Download the Advance Health Care Directive Form
Complete parts 1 and 2 on the Advance Health Care Directive Form. Pages may be added and changes made. An attorney is not needed to complete this form.
Part 1 – Health Care Power of Attorney
Select one or more persons to be your agent and make health care decisions if you are unable. The person appointed can be a spouse, adult child, friend, or any other trusted person. Your agent cannot be an owner or employee of a health care facility, unless they are related to you.

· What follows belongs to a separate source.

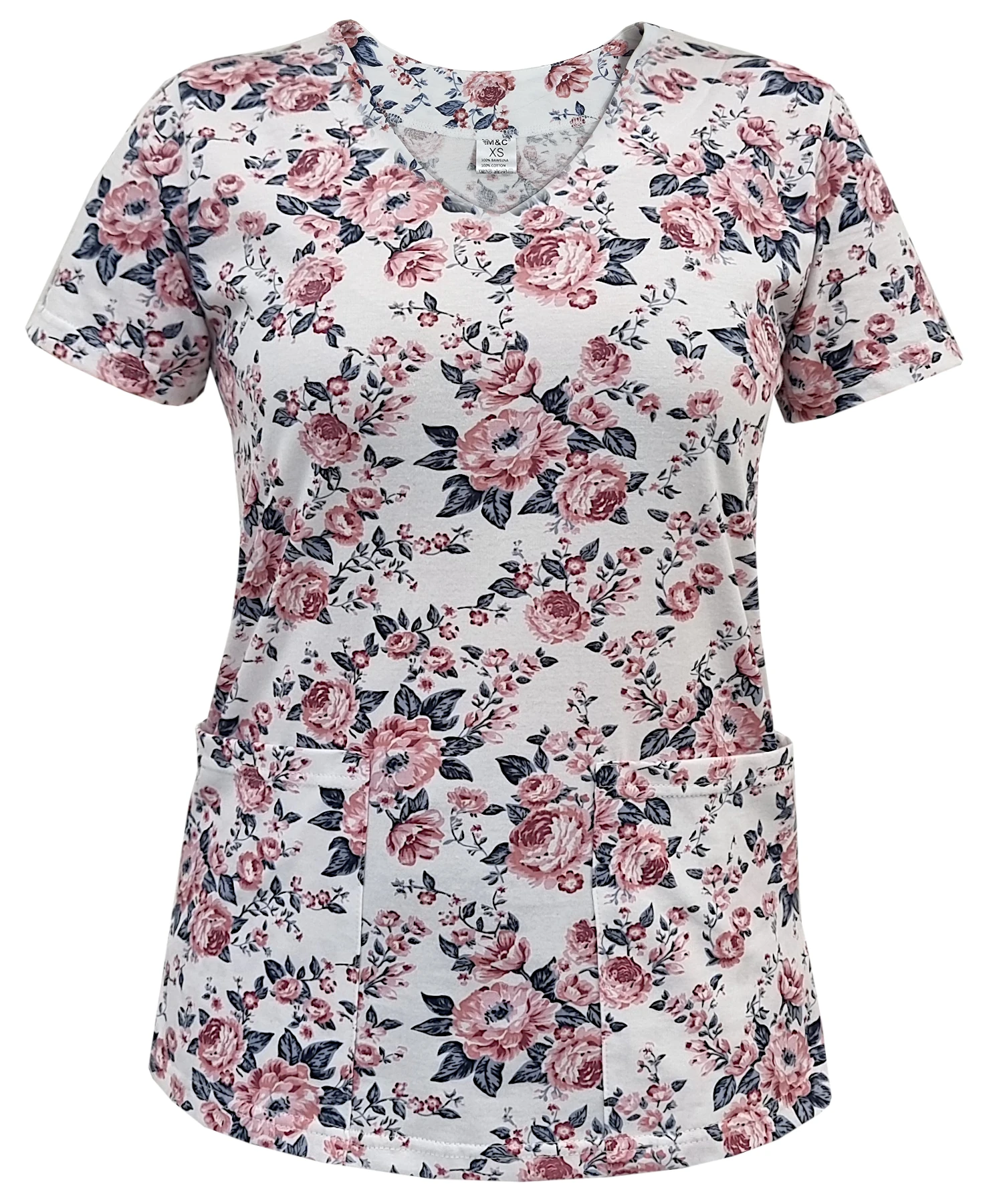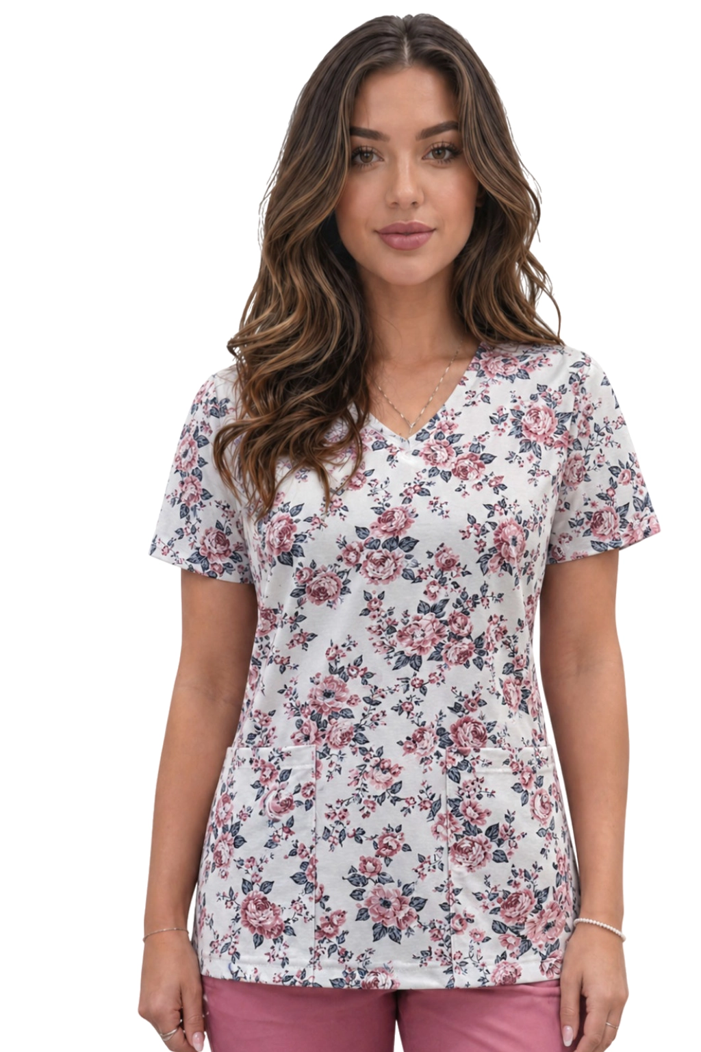 Naisten lääkintäpuvun pusero kuoseissa – 100% joustavaa puuvillaa, kuosi W11

Ask two witnesses to sign and date the form. Both must be people you know. They cannot be health care providers (i.e. – doctor, nurse or social worker, employees of a health care facility, or the person chosen as an agent.) One of the two persons cannot be related to you or have inheritance rights.
If you do not have two witnesses, your advance health care directive must be notarized.
Part 2 – Individual Instructions
Instructions may be given to your doctor and others about any aspect of your health care. There will be choices to be made. Check only one box in each category and cross out all that do not apply.
When You Have Completed Your Advance Health Care Directive
Be sure to have it witnessed or notarized and inform your family, friends, and doctors that you have done this. Give copies of your advance health care directive to your health care agent, doctors and others who might be involved in your care. Keep a copy in a safe, easy-to-find place in your home.